== PROBLEM DESCRIPTION ==
Print the lines exactly. Start at the first line of the material below, end with the line that contains "Semi-automatic notebook stitching", and skip all pictures.

==== EXERCISE INPUT

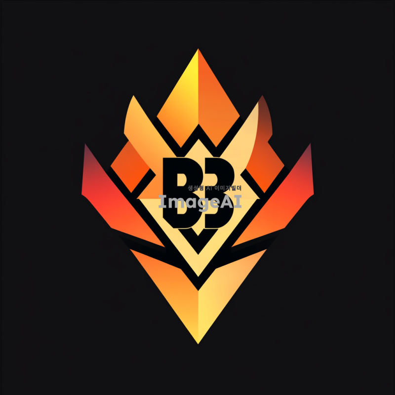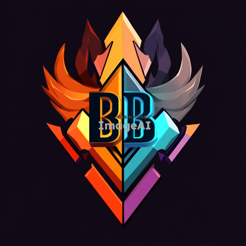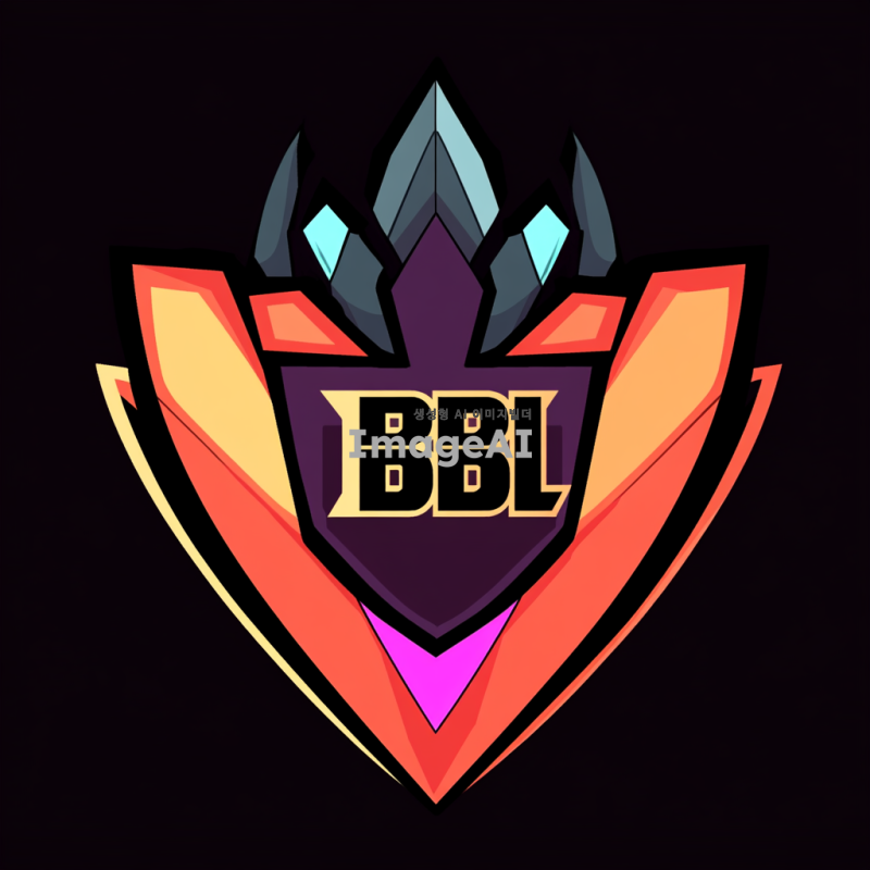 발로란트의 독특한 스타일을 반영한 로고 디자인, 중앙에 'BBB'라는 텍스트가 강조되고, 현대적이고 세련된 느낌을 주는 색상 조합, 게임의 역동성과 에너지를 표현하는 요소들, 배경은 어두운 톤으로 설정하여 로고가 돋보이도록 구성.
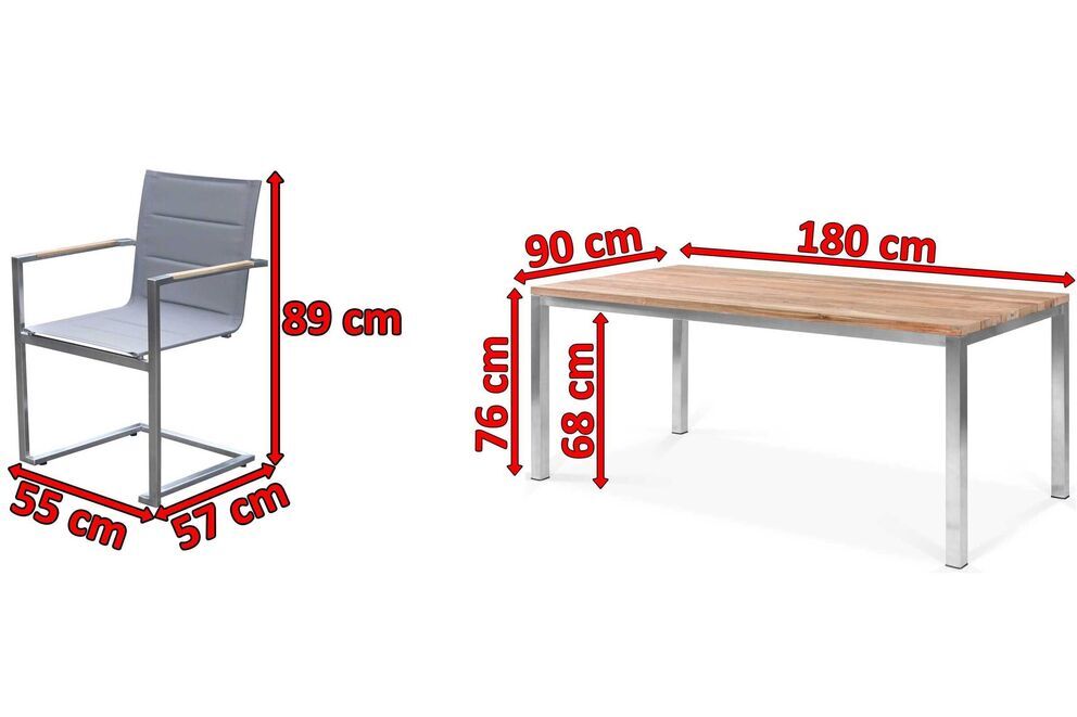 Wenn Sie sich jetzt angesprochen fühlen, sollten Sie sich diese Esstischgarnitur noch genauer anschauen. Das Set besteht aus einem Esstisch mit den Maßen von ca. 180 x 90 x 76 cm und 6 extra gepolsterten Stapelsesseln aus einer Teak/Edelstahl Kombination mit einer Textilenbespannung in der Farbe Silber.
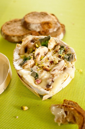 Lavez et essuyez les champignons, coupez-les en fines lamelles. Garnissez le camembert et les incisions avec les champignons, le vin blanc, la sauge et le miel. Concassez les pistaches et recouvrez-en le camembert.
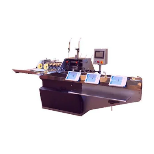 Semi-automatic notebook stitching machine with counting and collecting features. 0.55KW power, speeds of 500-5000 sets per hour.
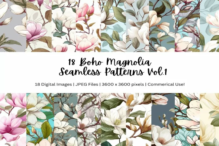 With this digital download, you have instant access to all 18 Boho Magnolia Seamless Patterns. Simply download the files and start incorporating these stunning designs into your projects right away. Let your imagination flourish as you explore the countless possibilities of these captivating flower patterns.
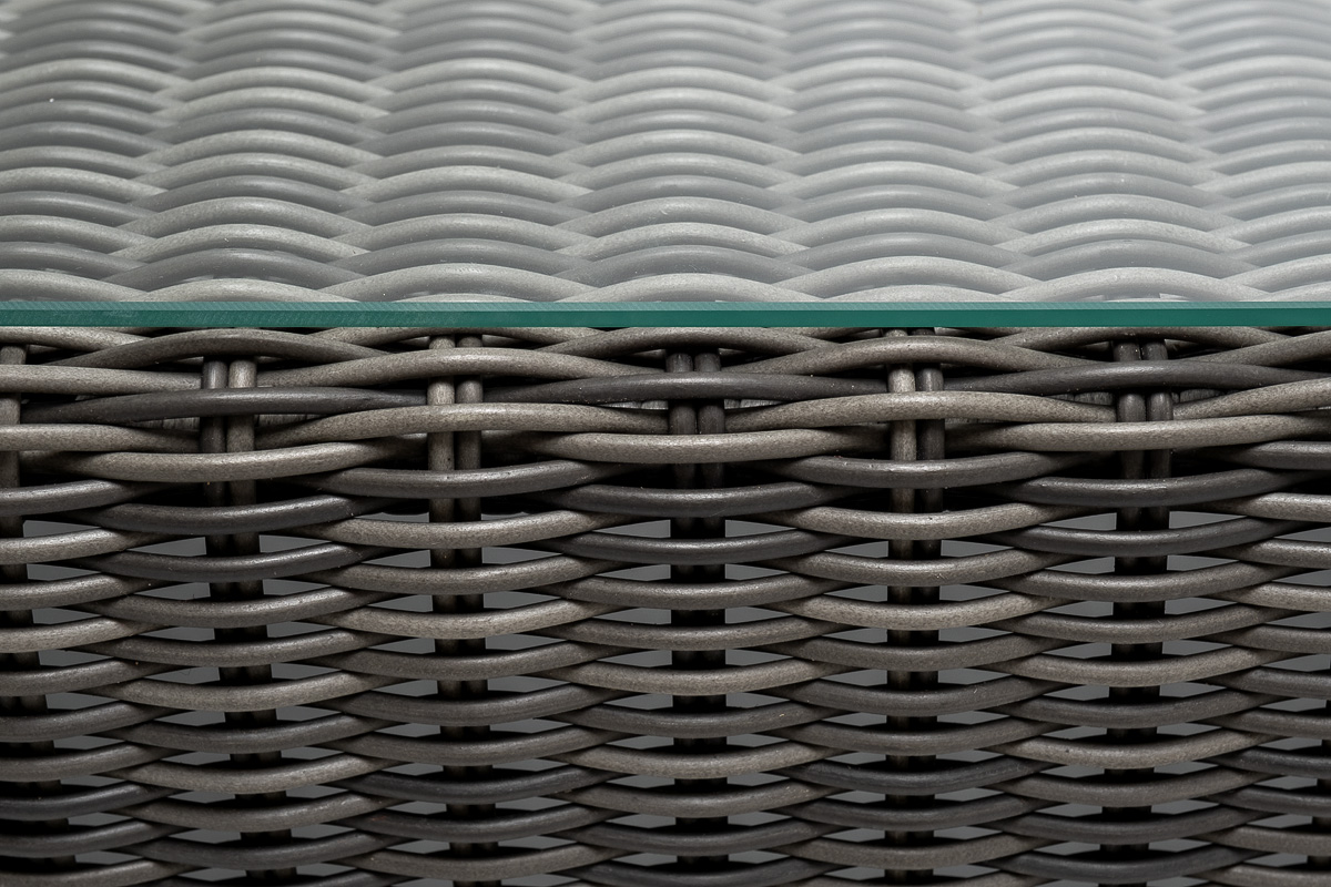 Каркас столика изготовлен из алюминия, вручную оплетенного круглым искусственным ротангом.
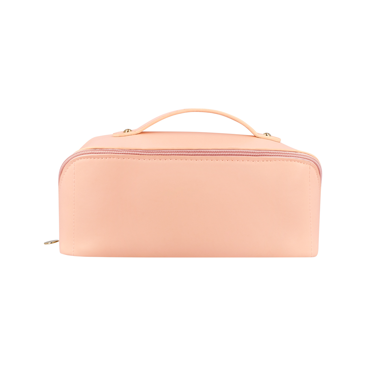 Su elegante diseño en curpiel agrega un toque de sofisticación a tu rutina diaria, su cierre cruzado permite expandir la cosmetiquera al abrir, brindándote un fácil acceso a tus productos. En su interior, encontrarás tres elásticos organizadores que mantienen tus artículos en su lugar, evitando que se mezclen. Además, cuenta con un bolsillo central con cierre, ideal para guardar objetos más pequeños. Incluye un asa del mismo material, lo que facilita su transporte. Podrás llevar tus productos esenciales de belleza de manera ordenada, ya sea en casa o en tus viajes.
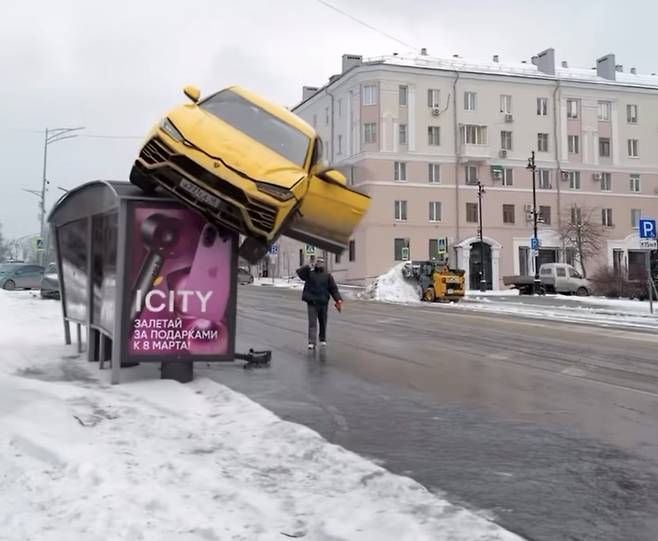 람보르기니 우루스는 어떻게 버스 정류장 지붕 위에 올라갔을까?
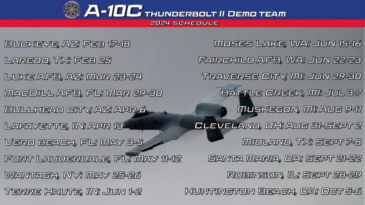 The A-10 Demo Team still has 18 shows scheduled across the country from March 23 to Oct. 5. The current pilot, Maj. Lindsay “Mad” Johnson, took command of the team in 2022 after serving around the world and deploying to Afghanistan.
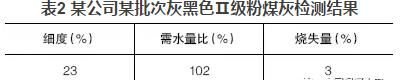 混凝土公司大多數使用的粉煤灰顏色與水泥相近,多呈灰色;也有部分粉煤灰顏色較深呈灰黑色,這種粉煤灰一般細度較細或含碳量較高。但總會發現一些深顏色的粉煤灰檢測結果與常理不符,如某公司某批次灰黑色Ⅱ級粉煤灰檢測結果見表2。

========

== SOLVED EXERCISE ==
 발로란트의 독특한 스타일을 반영한 로고 디자인, 중앙에 'BBB'라는 텍스트가 강조되고, 현대적이고 세련된 느낌을 주는 색상 조합, 게임의 역동성과 에너지를 표현하는 요소들, 배경은 어두운 톤으로 설정하여 로고가 돋보이도록 구성.
 Wenn Sie sich jetzt angesprochen fühlen, sollten Sie sich diese Esstischgarnitur noch genauer anschauen. Das Set besteht aus einem Esstisch mit den Maßen von ca. 180 x 90 x 76 cm und 6 extra gepolsterten Stapelsesseln aus einer Teak/Edelstahl Kombination mit einer Textilenbespannung in der Farbe Silber.
 Lavez et essuyez les champignons, coupez-les en fines lamelles. Garnissez le camembert et les incisions avec les champignons, le vin blanc, la sauge et le miel. Concassez les pistaches et recouvrez-en le camembert.
 Semi-automatic notebook stitching machine with counting and collecting features. 0.55KW power, speeds of 500-5000 sets per hour.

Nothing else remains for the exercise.